→ **THE TASK**
Transcribe the listing that follows in full, exactly, and drop its images.

→ **EXERCISE DATA**

• • • • • • •

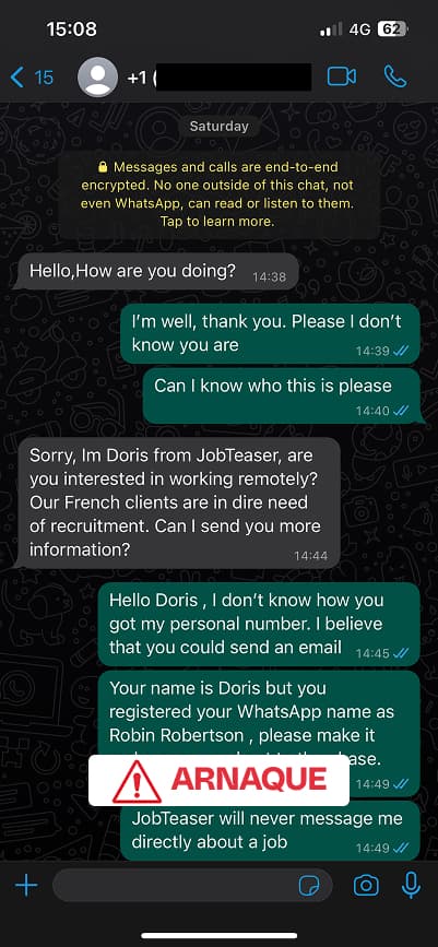 Nous rappelons que JobTeaser n'utilise pas WhatsApp comme outil de communication ou de recrutement.Ainsi, tout message WhatsApp prétendant provenir de JobTeaser ne peut être qu'une tentative d'arnaque.
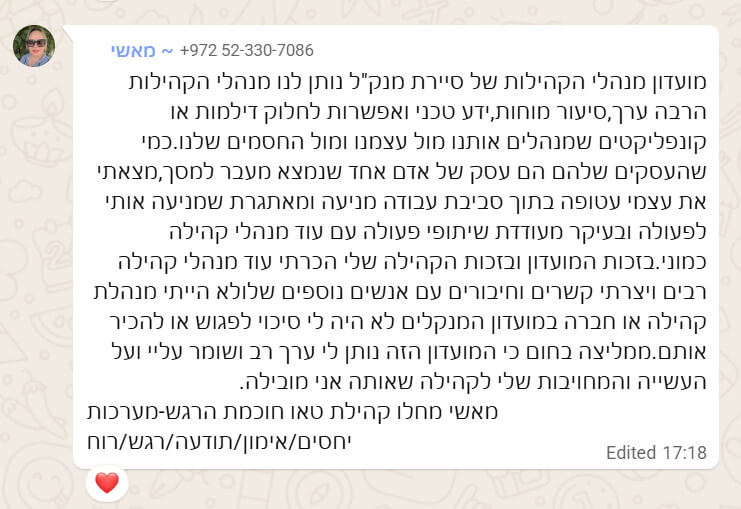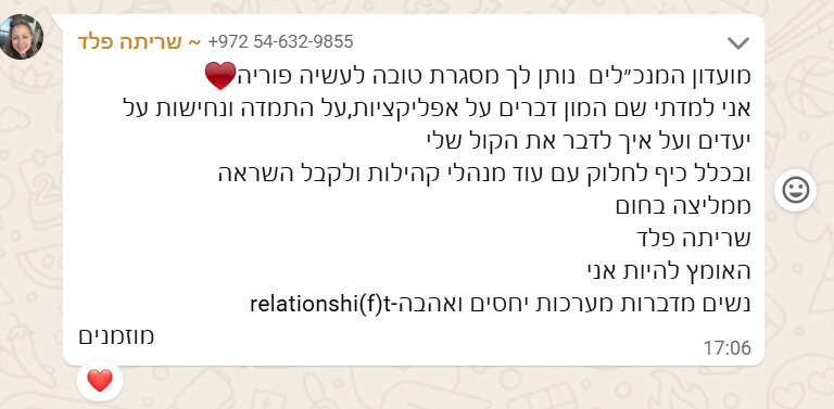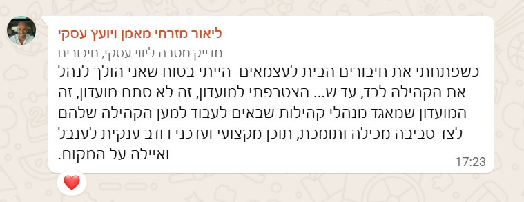 מקום לשאול, להתייעץ ולקבל עזרה בזמן אמת מהקבוצה.
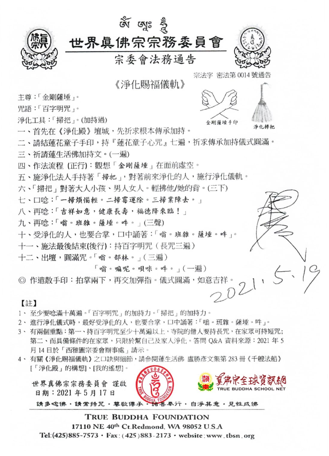 3、 有兩個重點:第一、持百字明咒至少十萬遍以上,寺院的僧人要持長咒,在家眾可持短咒;第二、而具備條件的在家眾,只限於幫自己及家人淨化。答問Q&A資料來源:2021年5月14日於「西雅圖宗委會辦事處」請示。

• • • • • • •

→ **RESULT**
 Nous rappelons que JobTeaser n'utilise pas WhatsApp comme outil de communication ou de recrutement.Ainsi, tout message WhatsApp prétendant provenir de JobTeaser ne peut être qu'une tentative d'arnaque.
 מקום לשאול, להתייעץ ולקבל עזרה בזמן אמת מהקבוצה.
 3、 有兩個重點:第一、持百字明咒至少十萬遍以上,寺院的僧人要持長咒,在家眾可持短咒;第二、而具備條件的在家眾,只限於幫自己及家人淨化。答問Q&A資料來源:2021年5月14日於「西雅圖宗委會辦事處」請示。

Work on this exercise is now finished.